Voici la visite d’un ancien bâtiment abandonné érigé dans un style brutaliste. Il s’agit d’une carcasse de béton dont le moindre gramme de trace de vie ancienne a quitté les lieux, renouvelé par une vie envahissante, voire même foisonnante : une végétation dévorante, des oiseaux nichent dans des recoins.

Les sites de vente urbex nomment cet endroit « université uzy ». Cela relève de la connerie la plus pure, comme d’habitude.

A partir de quand peut-on dire qu’un endroit fait vraiment penser à un copain ? En effet le style brut de béton décharné m’évoque un aspect glauquelandien plus que carrément hannemique. Serait-ce dû à cette architecture brutaliste ? Ou encore à la végétation dévorant l’empire minéral ? Aucune réponse ne s’offre, et pourtant ce sentiment est immédiat. Une personne évoque : c'est à cause de la ruinudité.

Je suis sorti de cet endroit sans savoir ce dont il s’agissait. Je n’y comprenais croûte comme dirait la génialissime souris Géronimo Stilton. Alors vous mettez la magie d’internet sur le sujet, et soudainement l’information débarque à grands pas. Je dois citer le groupe « tu es de Pierrelatte si… » comme étant un nutri-score A voir même du A+++, ah pardon ça n’existe pas. Bref, quelques questions et 3 heures après, 185 commentaires.
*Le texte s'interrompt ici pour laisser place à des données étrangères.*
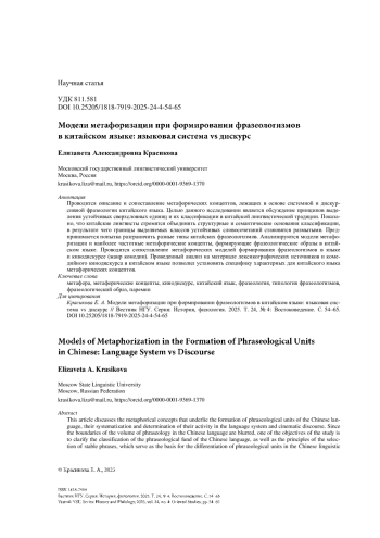Проводится описание и сопоставление метафорических концептов, лежащих в основе системной и дискурсивной фразеологии китайского языка. Целью данного исследовании является обсуждение принципов выделения устойчивых сверхсловных единиц и их классификации в китайской лингвистической традиции. Показано, что китайские лингвисты стремятся объединить структурные и семантические основания классификации, в результате чего границы выделяемых классов устойчивых словосочетаний становятся размытыми. Предпринимается попытка разграничить разные типы китайских фразеологизмов. Анализируются модели метафоризации и наиболее частотные метафорические концепты, формирующие фразеологические образы в китайском языке. Проводится сопоставление метафорических моделей формирования фразеологизмов в языке и кинодискурсе (жанр комедии). Проведенный анализ на материале лексикографических источников и комедийного кинодискурса в китайском языке позволил установить специфику характерных для китайского языка метафорических концептов.

La clinique Saint-Michel a été créée en 1946, puis fut transférée en ces locaux ci-présents en 1968. Le lieu fut créé par le docteur Weyland, c’était le rêve de sa vie. L’épouse du maire Gustave Jaume, édile  de Pierrelatte, a demandé que ce soit affublé du nom de Saint-Michel, parce que ce docteur et son épouse ont perdu un enfant de ce prénom-là. Il existait à l'entrée une évocation très moderne en fer de Saint-Michel. La construction fut dirigée par l’architecte Caco, grand prix de Rome.

Cette clinique avait une forte activité de maternité, comme en témoignent les innombrables retours en ce sens. Toutefois on y réalisait aussi de la médecine générale. C’était un petit lieu très pratique, des bons chirurgiens et radiologues, il y avait tout dans cette petite clinique. Il existait aussi un service d’accueil de nuit pour les premières urgences.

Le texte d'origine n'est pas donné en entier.